しかし、今日はアカデミックなことを書きたいわけではないんです。
篠田謙一さんのお話の中で興味深いことがありました。
南米の先端、ナバリーノ島にヤーガンという部族がいます。かろうじて生き残っています。
19世紀までは裸族だったということです。今純粋なヤーガンはクリスティーナ・カルデロンというひとりの女性しかいない、つまり最後のヤーガンです。
彼女にはこどももいますが混血しているので純粋なヤーガンではないのです。

そういった立場で彼女は言葉を伝えているということです。

篠田さんは彼女に聞きたいことがありました。最後のヤーガンとして人類にどんなことを言いたいかということです。
そこで彼女はなんと答えたかというと「酒を飲むな。」でした。
あまりにも無邪気な言葉に気が抜けるかもしれません。

まるで居留地に押し込められたインディアンのように、ヤーガンはある程度暮らしを保証されていますが、逆に言えば彼らが本来していた暮らしをすることを邪魔されているとも言えます。
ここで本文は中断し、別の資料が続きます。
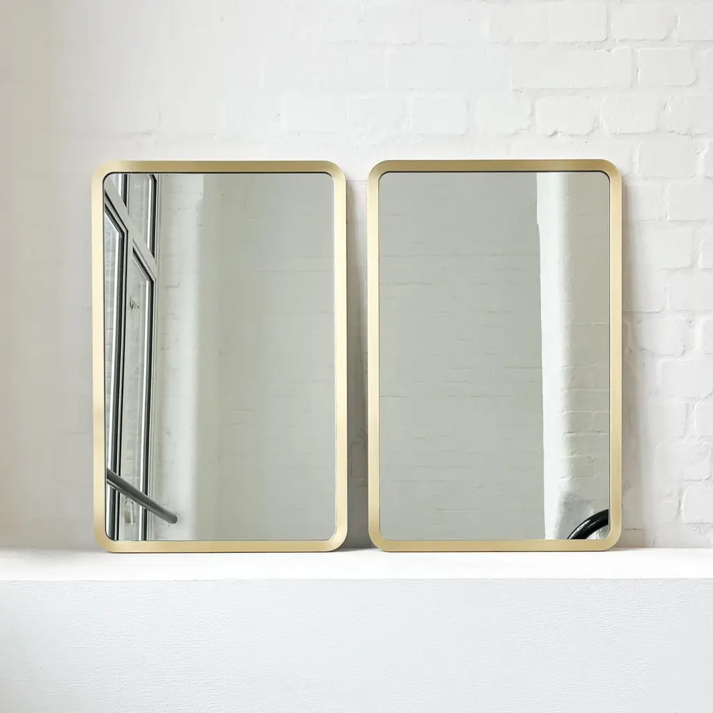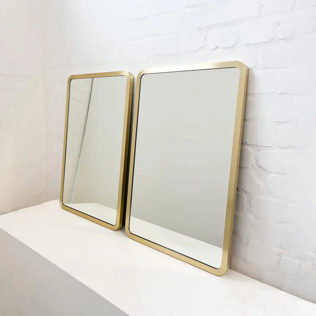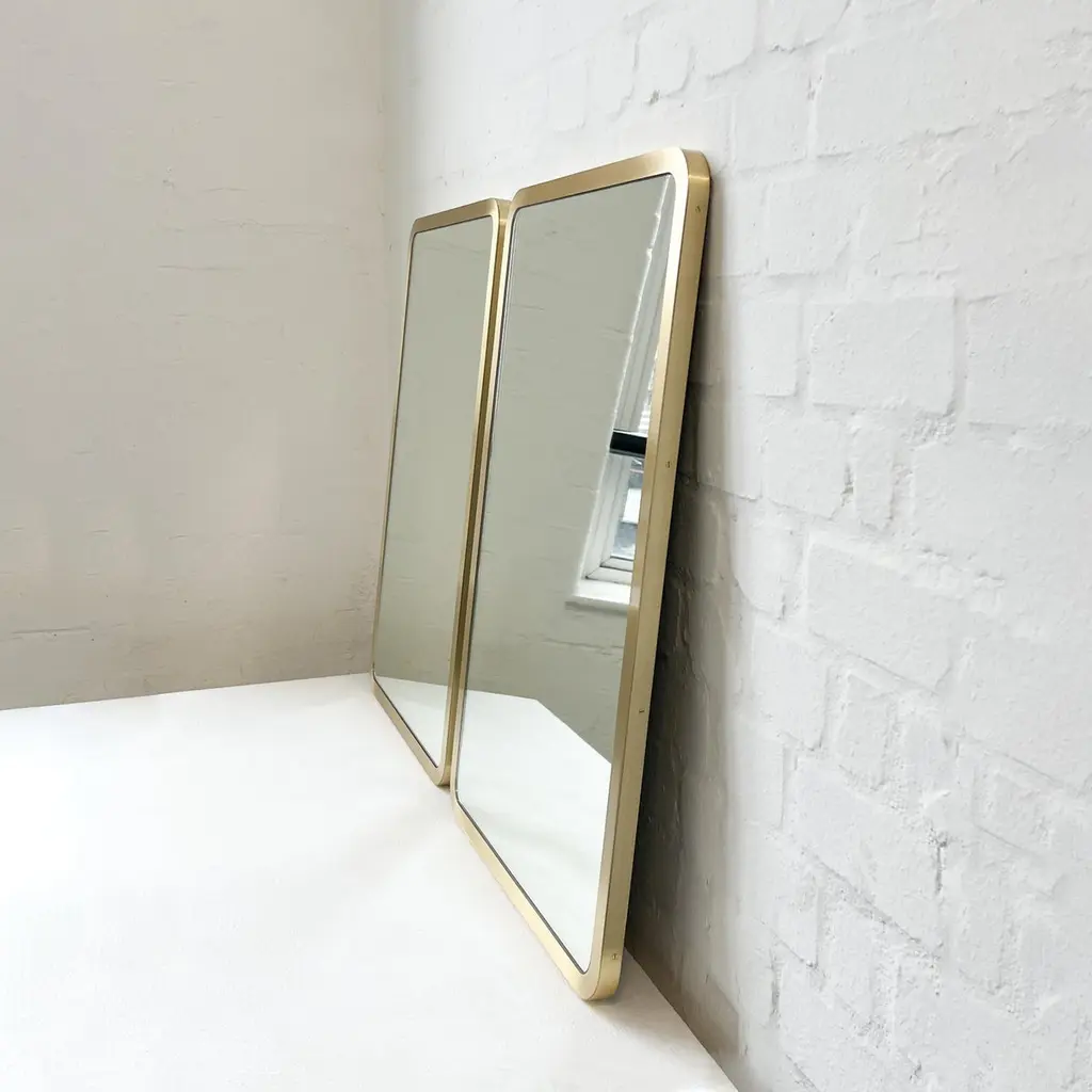 Set of two modern rectangular mirrors with an elegant solid brushed brass full frame. Part of the charming Quadris™ collection, designed and handcrafted in London, UK. Our brand new 'Full Frame' design maintains the chic and elegant style of Alguacil & Perkoff' signature 'Minimalist Frame' mirrors, yet placing more emphasis on the solid brass. The designer awards more prominence to this noble material by creating a wider frame on the front of the mirror itself.The detailing and finish, including visible brass screws, highlight the craft and quality feel of the mirror. Designed and handcrafted in London, UK.Our mirrors are designed with an integrated French cleat (split batten) system that ensures the mirror is securely mounted flush with the wall. An alternative hanging hook or a Z-bar (depending on the size of the mirror) is available on demand for mirrors that need to be installed allowing some separation from the wall.These mirrors are fully customisable.The mirrors in the images illustrate a large size, measuring 46cm x 71cm x 1.8cm / 18.1in x 28in x 0.71inShipped safely and insured worldwide. All our mirrors are made on demand. Fabrication lead time for this particular mirror is approximately 4 to 5 weeks. Our mirrors are always shipped by courier express. Shipping via courier express typically requires 1 to 2 days to the UK, or 2 to 7 days outside the UK depending on the destination.Available in the following sizes:Small: 27cm x 68cm x 1.8cm / 10.6'' x 26.8'' x 0.71’’Medium: 37cm x 56cm x 1.8cm / 14.6'' x 22" x 0.71’’Large: 46cm x 71cm x 1.8cm / 18.1'' x 28" x 0.71’’Extra Large: 48cm x 97cm x 1.8cm / 18.9" x 38.2" x 0.71’’or any bespoke dimensions.Available options:- frame depth: 18mm / 0.71’’, 24mm / 0.94’’ and 30mm / 1.18’’- frame finish: brass (brushed, polished or with a bronze patina), copper, stainless steel, blackened stainless steel, or in a variety of colours- mirror tint: silver, bronze, black, rose gold / peach, blue or green- bevelling- back-illumination creating a halo effect- demister padPlease contact us for a quote for any bespoke specification or added options.ORDERS OF MULTIPLE MIRRORS OF THE SAME TYPE: Please contact us to receive a Packing and Shipping quote when ordering multiple mirrors of the same type. An order for multiple mirrors of the same type may not be accepted without extra packing and shipping fees. Thank you.

これまでなかった酒を昼間から飲み始めました。発酵することができないほど寒い地なので酒はそれまでなかったのです。
彼女のまわりの人間、こどもたちもそうしてだめになっていったというのです。

かつて、裸なんて野蛮だから服を着ろとも言われた。しかし、服を渡されてもそれを洗うとうことを知らされていなかったがゆえに病気が流行り死者も出ました。

「酒を飲むな。」

実に示唆に富んだ言葉です。
今までなかったもの、快適なもの、便利なものには気をつけなければならない。
そういうことを言いたかったのだろうと篠田氏は言います。

われわれ現代日本人にもそういったものがあふれています。
原発などはもっとも顕著なものでしょう。

今わたしたち日本人はすぐには最後のひとりとなることはないでしょう。
が、過酷な天災、人災に遭い、今後土台を覆されかねないTPPがやってくる。
多国籍企業が土足で踏み込んできます。すでにゆうちょはアフラックの下請けになり・・・

ここでわたしは大切なものを守らなければならないと思ってきました。
参院選、いや、その前の衆院選で自民党が圧勝するかもしれないと感じられたころからいっそう強くなりました。

まずは言葉、日本語です。それから手仕事。(←わたしの第一の仕事)
もちろんほかにもありますが、人にはそれぞれの役目があるので自分が最大限やっていかなければならないことはそれだと感じています。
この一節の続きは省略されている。